● Work to complete:
Beginning with the line that contains "Диплом за победу" and ending with the line that contains "Über 40% der", reproduce the lines of the entries below exactly, omitting pictures.

Exercise data Block Start

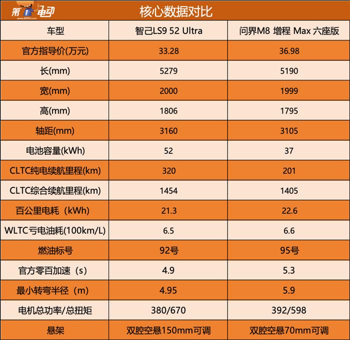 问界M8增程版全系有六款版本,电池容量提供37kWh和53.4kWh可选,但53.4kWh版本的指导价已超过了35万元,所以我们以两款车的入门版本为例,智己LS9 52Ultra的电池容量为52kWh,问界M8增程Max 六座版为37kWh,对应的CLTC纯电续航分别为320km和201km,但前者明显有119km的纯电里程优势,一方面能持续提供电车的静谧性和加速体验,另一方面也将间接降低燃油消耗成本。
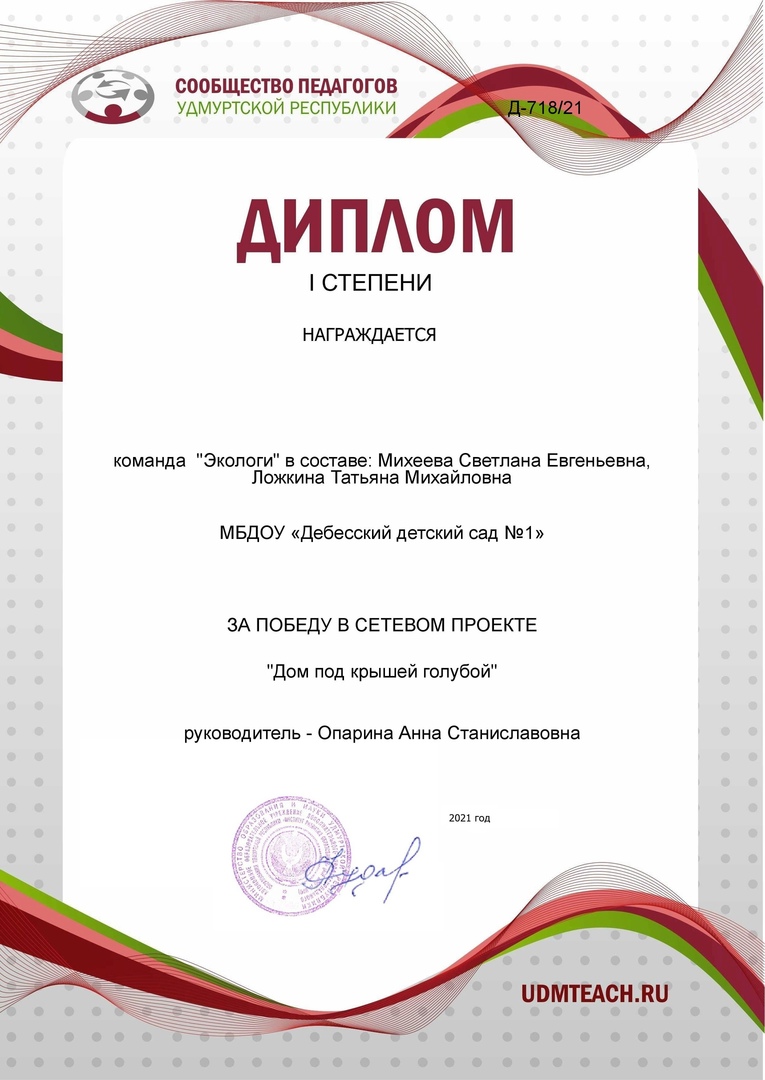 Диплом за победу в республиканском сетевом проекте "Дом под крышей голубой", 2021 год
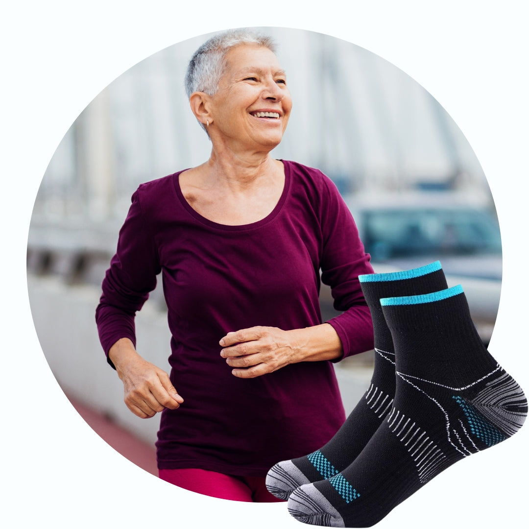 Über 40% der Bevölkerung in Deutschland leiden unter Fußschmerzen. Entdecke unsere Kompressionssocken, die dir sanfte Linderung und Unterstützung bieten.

Exercise data Block End
Exercise data Block Start

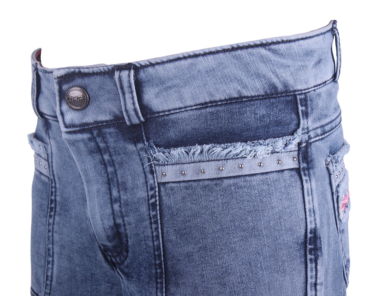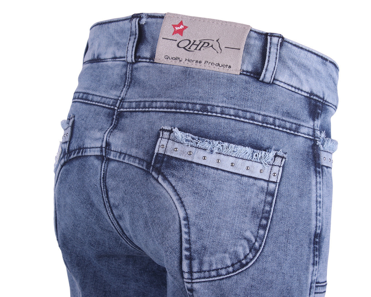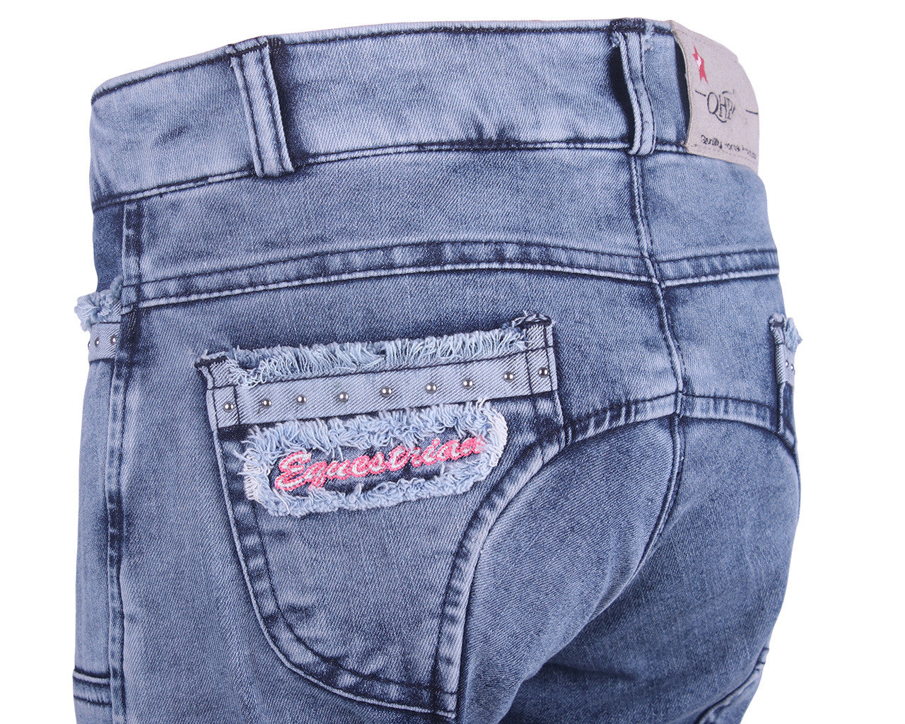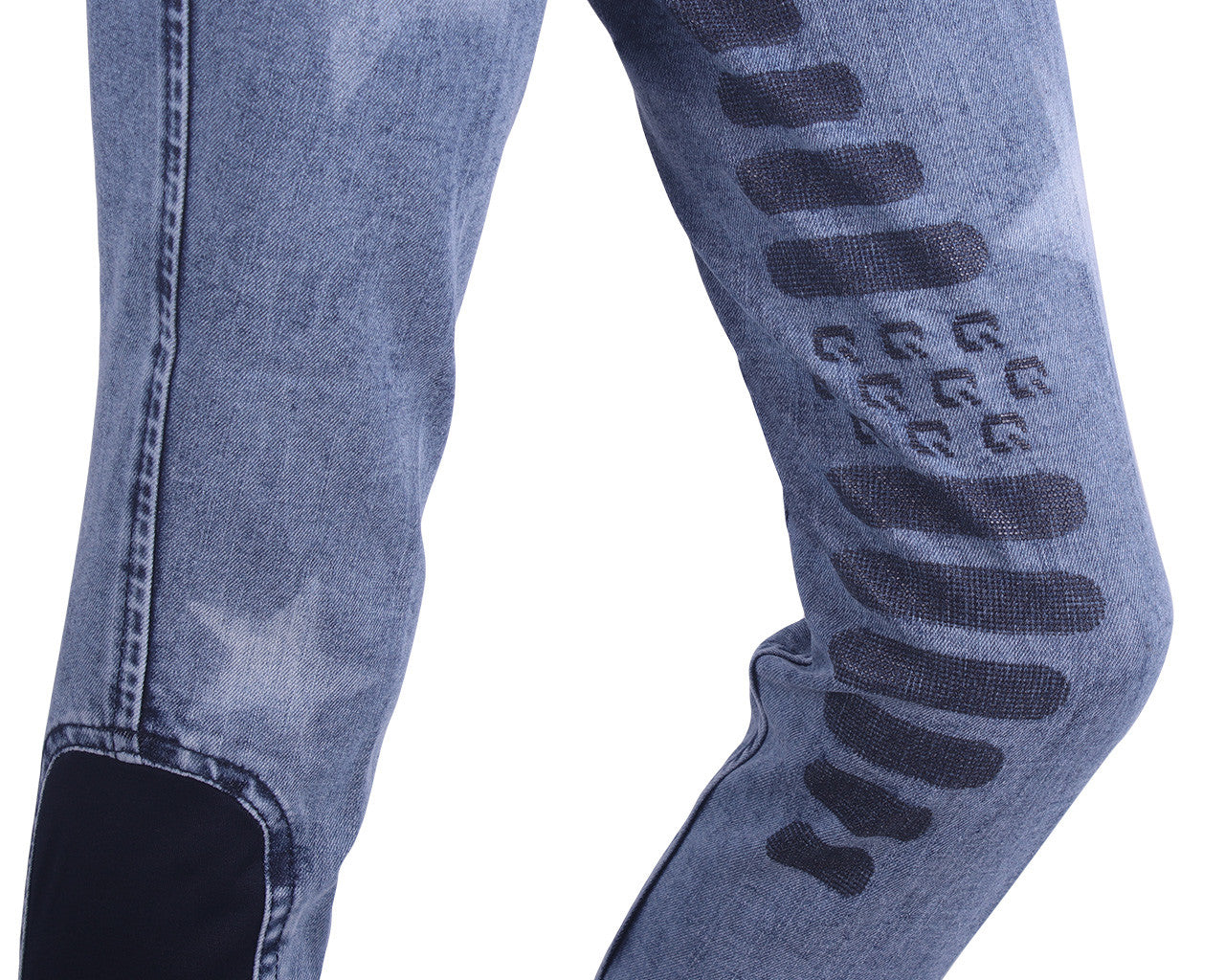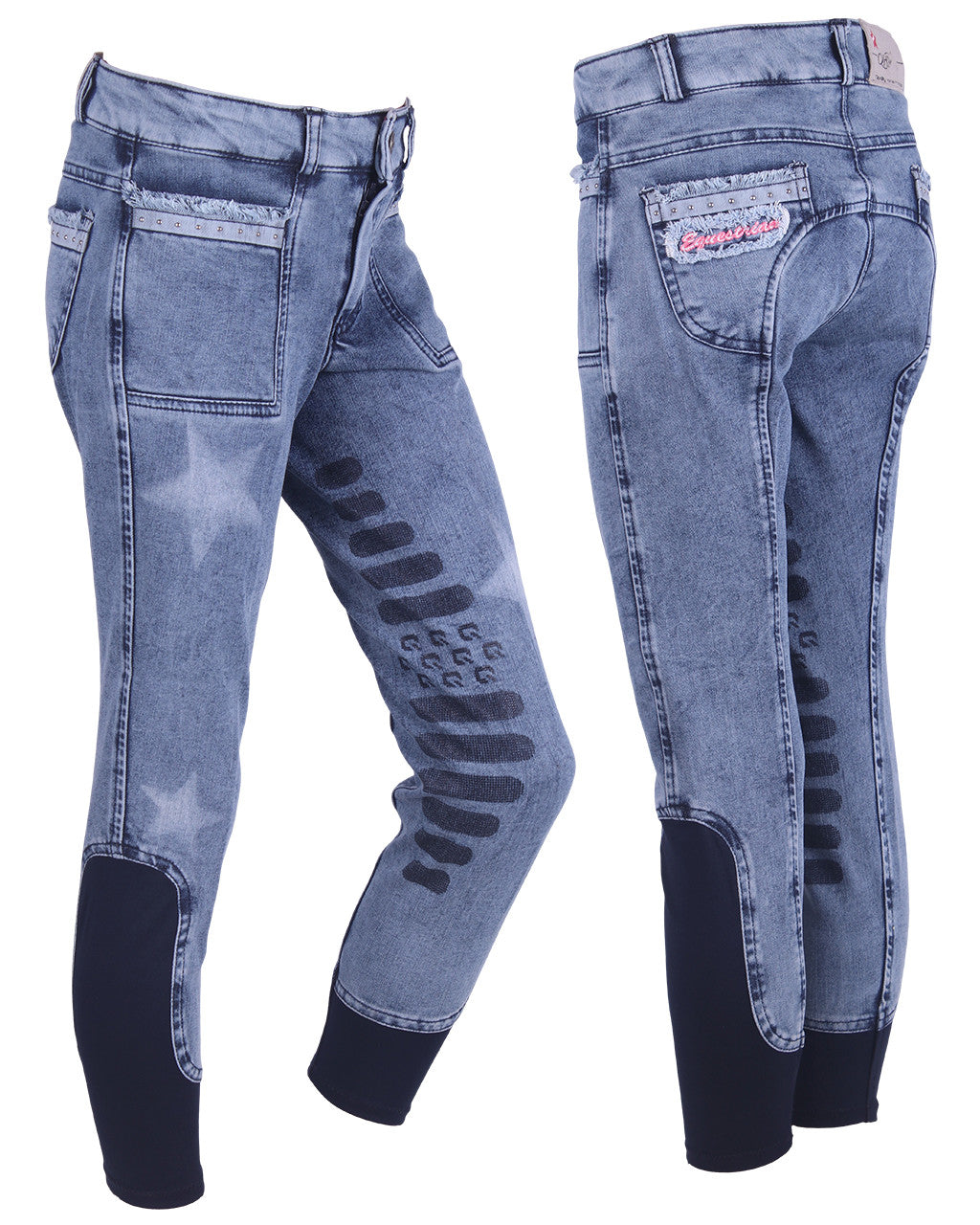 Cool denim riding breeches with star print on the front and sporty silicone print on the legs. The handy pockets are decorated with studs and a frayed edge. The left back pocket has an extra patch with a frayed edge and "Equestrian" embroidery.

Exercise data Block End

● Answer to the problem:
 Диплом за победу в республиканском сетевом проекте "Дом под крышей голубой", 2021 год
 Über 40% der Bevölkerung in Deutschland leiden unter Fußschmerzen. Entdecke unsere Kompressionssocken, die dir sanfte Linderung und Unterstützung bieten.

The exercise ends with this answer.